Architecture professor

Mary Caroline McLeod is a professor of architectural history and theory at Columbia University known for her examination of modern architecture, especially the work of Le Corbusier. She is a fellow of the Society of Architectural Historians, and has received many fellowships and awards, including a Brunner Award, Fulbright Fellowship, NEH award, and grants from New York Council of the Arts and the Graham Foundation.

== Education and career ==
McLeod has a B.S., M.Arch, and a Ph.D. from Princeton University. As of 2021, she is a professor of architecture at Columbia Graduate School of Architecture, Planning and Preservation (GSAPP). She has also previously worked as a professor at Harvard University, the Institute for Architecture and Urban Studies, University of Miami, and University of Kentucky.

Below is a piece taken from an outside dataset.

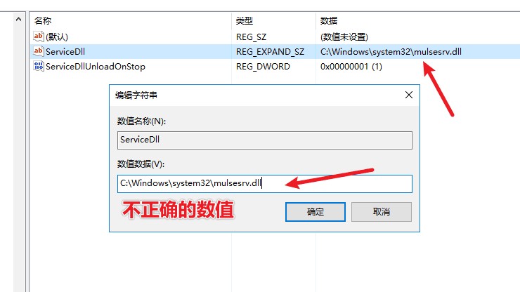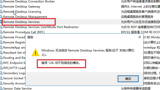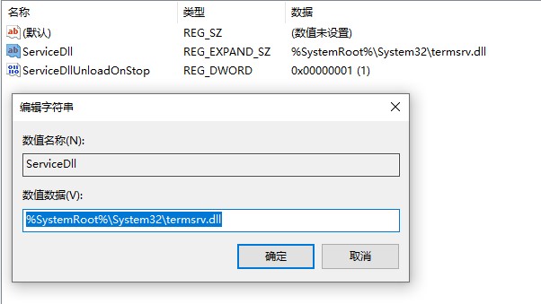 若本身有ServiceDll 选项,那么请检查该数值数据中值是否正确,本次我的问题就是有ServiceDll选项,但dll文件路径不正确,需要改成 %SystemRoot%\System32\termsrv.dll 然后保存在重启即可正常。

McLeod's essays have been published in journals and anthologies such as Oppositions, Assemblage, Art Journal, Harvard Design Magazine, AA Files, JSAH, Casabella, The Sex of Architecture, Architecture in Fashion, Architecture of the Everyday, Architecture and Feminism, The Pragmatist Imagination, Architecture Theory since 1968, The State of Architecture, Fragments: Architecture and the Unfinished, Le Parole dell'Architettura, and Modern Women: Women Artists at The Museum of Modern Art. Her main focus is on modern architecture specially Le Corbusier and she received the Arnold Brunner grant in 2015 which she used to research Le Corbusier's response to World War II.

In 2019, McLeod was one of three who study architecture and joined to discuss Bauhaus architecture with Architectural Record. McLeod has also published on the English architect Alan Colquhoun and organized the 2021 colloquium celebrating his life. McLeod and Victoria Rosner led an effort to expand knowledge about women in architecture through five years of research in the field. Regarding women in architecture, McLeod has been quoted in the Christian Science Monitor for her work noting that female architects "...don't have as much panache for the big glitter jobs". The website Pioneering Women of American Architecture, launched by the Beverly Willis Architecture Foundation in 2017, continues to make visible the achievements of women's contributions to American architecture.

== Selected bibliography ==
- McLeod, Mary (2014). "Colquhonery : Alan Colquhoun from bricolage to myth"
- "Charlotte Perriand : an art of living" (2003)

==Recognition==
In 2020, McLeod was named a fellow of the Society of Architectural Historians.